I’ve submitted student work to the K-12 National Ceramic Exhibition at NCECA each school year since joining the Waterford faculty in 1998. I am happy to report that our ceramic arts students have been juried into every NCECA Exhibit from that date forward. The NCECA K-12 Exhibit is a very competitive national event and it is an honor for any student whose work is accepted. A significant portion of Waterford student work has also been awarded special recognition by the NCECA Jury.
Submitting student entries requires advance preparation including photographing the works and careful packaging (ceramics can be fragile). Once at NCECA, there is a very organized group of teachers and other volunteers unpacking and setting up the exhibit.
The K-12 National Exhibition usually includes the work of 150 students or roughly ten percent of the total entries.
At the conclusion of each year’s exhibit the whole process is reversed as the work is taken down, repacked and sent back to the schools. The exhibit setup and takedown is hard work but it is also a social event where teachers can share experiences and learn from each other.
The NCECA Exhibits have brought well-deserved recognition to Waterford.
A few of the most memorable awards include the following students.
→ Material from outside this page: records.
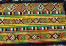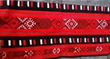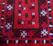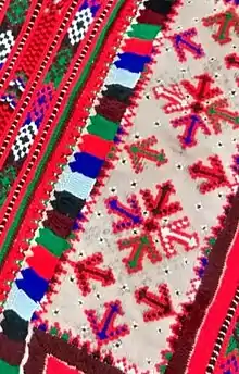 سپس فواصل بین طرح قرمز وقهوه ای تیره، با سبز پر میشود. فواصل مابین طرح قرمز و سفیدُ با ابی پر میشود فواصل مابین طرح سفید و قهوه ای با سیاه پر میشود؛ و این تکرار همچنان ادامه مییابد درسرتاسر دوخت.
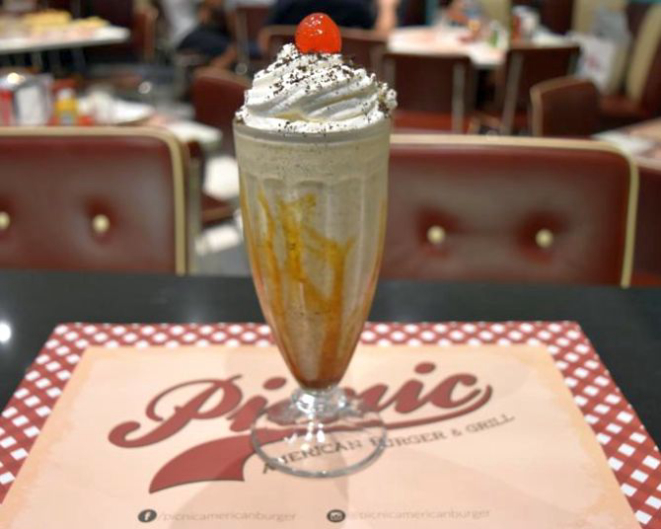 O clássico biscoito recheado Oreo também pode ser uma bebida para refrescar. O milk shake de Oreo do Picnic American Burguer & Grill, por R$ 14,90. A bebida tem sorvete de creme batido com calda de caramelo e biscoito Oreo. Leva ainda chantilly, Oreo moída e tubetes na composição.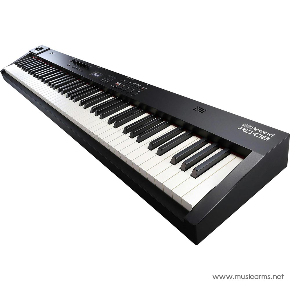 คีย์บอร์ด PHA-4 พร้อมสัมผัสสีงาช้างช่วยให้นักเปียโนได้สัมผัสและแสดงออกอย่างแท้จริง แม้ว่าจะมีกลุ่มเสียง 88 คีย์ครบถ้วน แต่ RD-08 ยังคงมีขนาดกะทัดรัดและน้ำหนักเบาอย่างน่าทึ่ง ทำให้เป็นตัวเลือกในอุดมคติสำหรับนักดนตรีที่ต้องเดินทาง ลำโพงในตัวเพิ่มความอเนกประสงค์ ช่วยให้สามารถฝึกซ้อมหรือแสดงประสิทธิภาพได้โดยไม่จำเป็นต้องขยายเสียงภายนอก โดดเด่นด้วยคอลเลกชันเสียงคุณภาพสูงที่หลากหลาย มอบเสียงที่สมบูรณ์แบบสำหรับทุกประเภท ความเก่งกาจนี้ทำให้มั่นใจได้ว่าคุณสามารถแสดงไอเดียทางดนตรีของคุณได้โดยไม่มีข้อจำกัด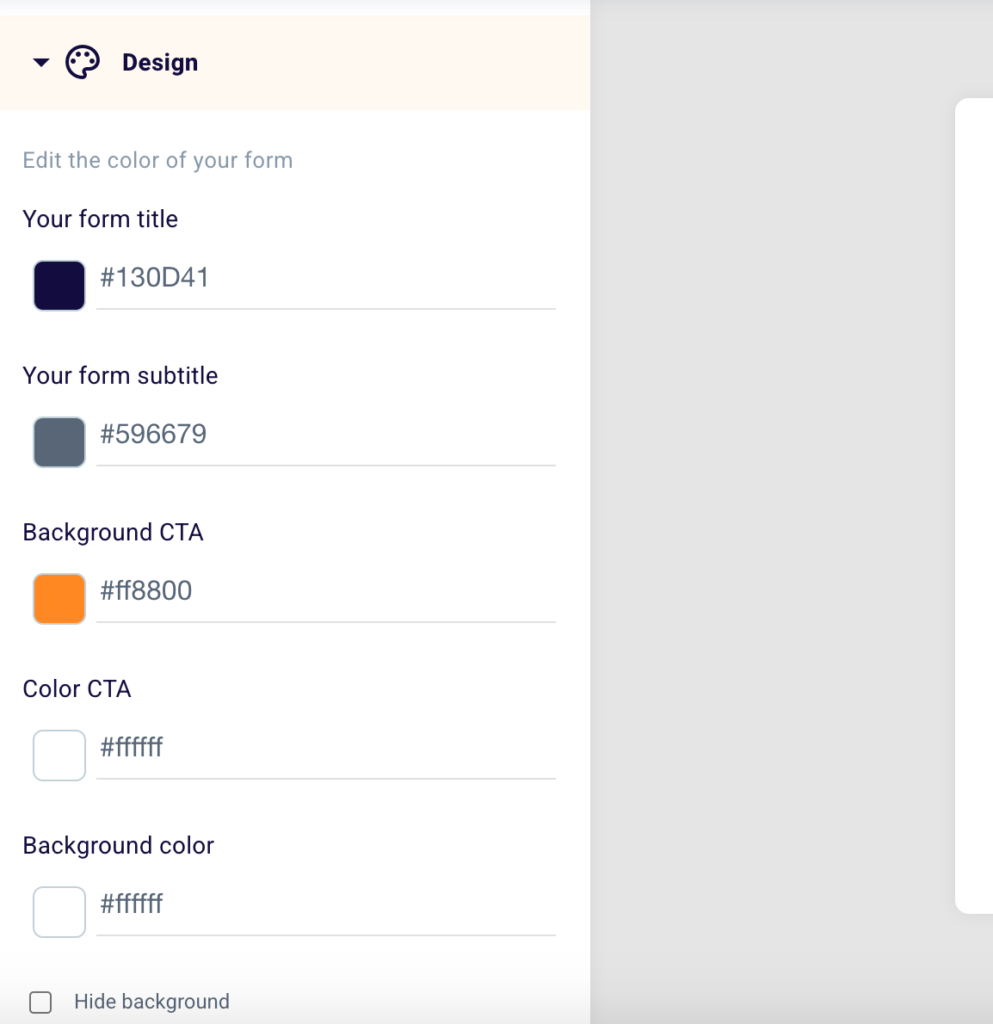 Scroll down to the design section, where you can change the layout of your form. We suggest, for the choice of colors, customize the form making it as much in line as possible with the design and brand image of your website.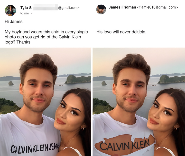 This photo was sent in by a girlfriend who was complaining that her boyfriend constantly wore the same shirt in all of their photos. And honestly, who can blame him? We all have that one t-shirt we love to wear all the time. Anyway, she asked for the Calvin Klein logo to be taken off the shirt. The photoshopped image shows the boyfriend without his favorite shirt but with a tattoo sporting the name of his favorite brand.
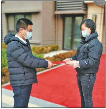 ◤不动产登记中心负责人上门为业主送不动产登记证书。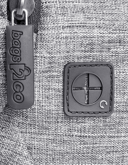 600D Polyester Rucksack in Grey Melange Material: 100% Polyester Ein Hauptfach mit Reißverschluss, Oben liegender und gepolsterter Tragegriff, zwei kleine Reißverschluss-Taschen: eine auf der Front und eine neben dem Tragegriff, alle Reißverschlüsse in Schwarz, Gummi-Zipp-Puller mit „bags2GO“-Prägung, zwei offene Seitentaschen aus Airmesh mit Gummizug, ergonomisch geformte, verstellbare und gepolsterte Schultergurte mit Griffen, weiten- und höhenverstellbarer Brustgurt mit Klick-Verschluss, Rücken im oberen und unteren Bereich stark gepolstert, Volumen: ca. 22 Liter, Lieferung ohne Inhalt/Deko Größe: 44 x 31 x 16 cm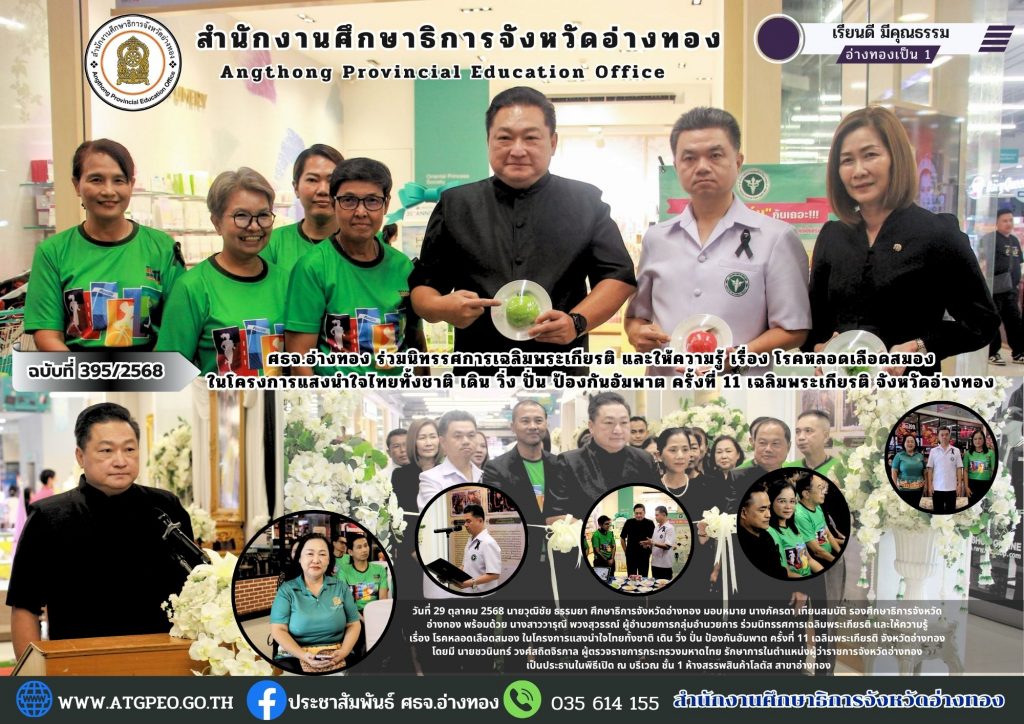 วันที่ 29 ตุลาคม 2568 นายวุฒิชัย ธรรมยา ศึกษาธิการจังหวัดอ่างทอง มอบหมาย นางภัครดา เทียนสมบัติ รองศึกษาธิการจังหวัดอ่างทอง พร้อมด้วย นางสาววารุณี พวงสุวรรณ์ ผู้อำนวยการกลุ่มอำนวยการ ร่วมนิทรรศการเฉลิมพระเกียรติ และให้ความรู้ เรื่อง โรคหลอดเลือดสมอง ในโครงการแสงนำใจไทยทั้งชาติ เดิน วิ่ง ปั่น ป้องกันอัมพาต ครั้งที่ 11 เฉลิมพระเกียรติ จังหวัดอ่างทอง โดยมี นายชวนินทร์ วงศ์สถิตจิรกาล ผู้ตรวจราชการกระทรวงมหาดไทย รักษาการในตำแหน่งผู้ว่าราชการจังหวัดอ่างทอง เป็นประธานในพิธีเปิด ณ บริเวณ ชั้น 1 ห้างสรรพสินค้าโลตัส สาขาอ่างทอง

Images of their work are included.
Madeleine Morrill – Scholarship to Kansas City Art Institute- This is a $20,000 award renewable for four years.
Daniel Beck – Honorable Mention, Curators Book Award, Speedball Art Products Potter’s Wheel Award- a potters wheel was shipped directly to his home.
Lauren Groathouse – Ingrid Mahan Foundation Scholarship Award – One of two Mahan scholarships, selected by the scholarship committee, it is a renewable award for direct payment of tuition of $1000 annually for up to four years, with re-qualification by merit of academic standing, a demonstrable commitment to the study of ceramics and significant progress.
Samantha Macfarlane – The Lucy Roy Memorial Scholarship – This $500 award, selected by the scholarship committee, will be for direct payment toward tuition.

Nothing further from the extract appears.